Когда оба двойника увидели друг друга в церкви, то их покрасневшие лица странным образом сморщились и смягчились, что заставило зрителя улыбаться до тех пор, пока он не сопоставил их со взорами, плавающими в текучем огне трогательнейшей любви. В то время как менялись кольцами, Лейбгебер вдали, на хорах, вынув из кармана ножницы и четвертушку черной бумаги, вырезал силуэт невесты. Обычно он утверждал, будто во время его бесконечных путешествий вырезание силуэтов является для него походной хлебопекарней, и так как этот загадочный человек, по-видимому, не хочет открыть, с каких высот текут те ключи, которые внизу брызжут на него талерами, то я предпочитаю добродушно и доверчиво повторить здесь то, что он часто говорил о своем силуэтном искусстве: «Ведь даже при разрезании белой бумаги переплетчику, писцу и адвокату вместе с бумажными обрезками перепадают и нарезанные ломти хлеба; при разрезании же черной бумаги, будь то для силуэтов или при вскрывании белых траурных писем с черной каймой, человеку перепадает еще больше. А если он вполне овладел свободным искусством изображать своего ближнего в очерненном виде посредством различных конечностей, например языком (что немного умеет делать и сам он, Лейбгебер), то фортуна — эта истинная вавилонская блудница — лишится от усталости рук и ног, звеня дорожным колокольчиком и обеденным колоколом такого человека».
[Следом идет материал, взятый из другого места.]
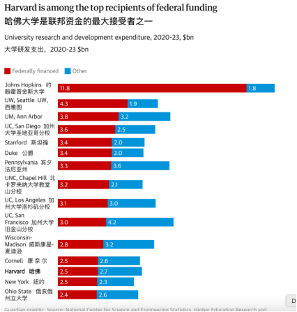 那么,本次特朗普用作威胁的90亿经费对哈佛有多重要?据《哈佛公报》披露,政府在审的90亿美元拨款包括对哈佛大学及其几家知名附属医院(包括麻省总医院、丹娜—法伯癌症研究所和波士顿儿童医院)未来的承诺拨款约87亿美元,以及对哈佛大学的2.56亿美元科研支持。根据卫报的统计数据,单就对大学科研的资助而言,来自联邦政府的资助约占哈佛大学总科研经费的一半(见下图)。
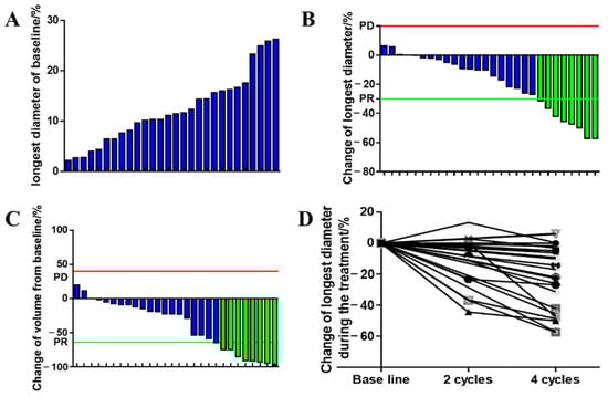 Changes in tumor size are shown in Figure 1. Radiographical evaluations showed that the longest diameter with respect to the tumors was reduced in 24 patients (median of 19.36%: from 0.11% to 57.34%) and was increased in 3 patients. According to the measurement results from Mimics 20.0, 25 patients had a tumor volume decrease (median of 28.64% and range from 1.63% to 97.56%) and 2 patients had an increase in volume; in particular, the volume reduction in two patients was beyond 90%. However, the tumor response evaluated with respect to volume was consistent with the RECIST 1.1 criteria, although one patient had a decrease in volume but an opposite change with respect to tumor diameter.

Еще до того, как викарий закончил обряд возложения рук, Лейбгебер сошел вниз; подойдя вплотную к обитой красным бархатом предалтарной скамье, он произнес, когда обряд свершился, следующее приветствие, пожалуй, несколько более длинное, чем следовало после полугодовой разлуки и при таких узах дружбы: «С добрым утром, Зибенкэз!» Встречаясь по прошествии многих лет, никогда они не говорили друг другу больше этого; а потому и при воскресении из мертвых Зибенкэз ему будет ответствовать совершенно так же, как сегодня? «С добрым утром, Лейбгебер!» Однако для деликатности, хотя и совместимой со всяческим юмором, двенадцатичасовое вышучивание, которым друзья, пока находятся в разлуке, нередко с легким сердцем грозят друг другу, сделалось невозможным вследствие того умиления, которое неизбежно наступает, когда наблюдаешь за вступлением друга в преддверие нового лабиринта нашего подземного бытия.

Теперь пред моим письменным столом воздвигается длинный свадебный стол, причем можно пожалеть, что его изображения нет на вазах, погребенных с Геркуланумом, — иначе оно было бы теперь выкопано вместе с ними и воспроизведено на меццотинтовых копиях геркуланумской живописи, — и эти репродукции я мог бы здесь поместить вместо всего прочего. Творческие возможности моего пера мало кто ценит выше, чем я сам, но мне очевидно, что ни оно, ни я не в силах изобразить хотя бы с грехом пополам, черной манерой, какой вкусной показалась трапеза гостям (их было почти столько же, сколько стульев), — как здесь к тому же не сидел среди честных людей ни единый плут (ибо опекун жениха, тайный советник фон Блэз, не явился и, в качестве извинения, велел передать, что страдает рвотой), — как домовладелец и домохозяин, веселый чахоточный саксонец, сегодня выпивал, как обычно пудрил: не столько во здравие свое, сколько за упокой, — как стучали вилкой по стаканам и мозговой костью по тарелкам, требуя наполнения первых и опорожнения вторых, — как во всем доме никто, ни сапожник, ни переплетчик, не трудились ни над чем, кроме еды, и как даже старая Забель (Сабина), обычно сидящая на корточках под пыльными серыми воротами, сегодня закрыла свою мелочную лавочку не одновременно с закрытием ворот, а раньше, — как была подана не одна лишь перемена блюд, но и вторая, — словно некий двойник, так что блюда начали даже двоиться в глазах. Конечно, тот, кому случалось кушать за столом у вельмож и кто видел там, как пять блюд при двух переменах выстраиваются по табели о рангах, не усмотрит ничего необычайного или чрезмерно пышного в том, что Зибенкэз (для которого все было приготовлено парикмахершей) при первой перемене блюд велел поставить:

1) в центр — суповую миску или пруд из мясного бульона, где можно было ловить ложками раков, если бы эту жидкость не заправляли только раковыми шейками, — подобно тому, как тогдашним Конвентом уже заправляли только противники Робеспьера;

2) на первый конец света — прекрасный бычий торс или мясной четырехгранник, в качестве подножия для всего кулинарного шедевра;

3) на второй — шницель, безупречный образчик мясного товара, преподнесенный под сладким соусом;

4) на третий — не карпа, а целого бегемота, который мог бы проглотить пророка Иону, если бы сам не разделил участи сего мужа;

5) на четвертый — население целого курятника, запеченное в паштет, куда каждая из этих домашних птиц, подобно народу при выборах в ландтаг, послала свои лучшие части.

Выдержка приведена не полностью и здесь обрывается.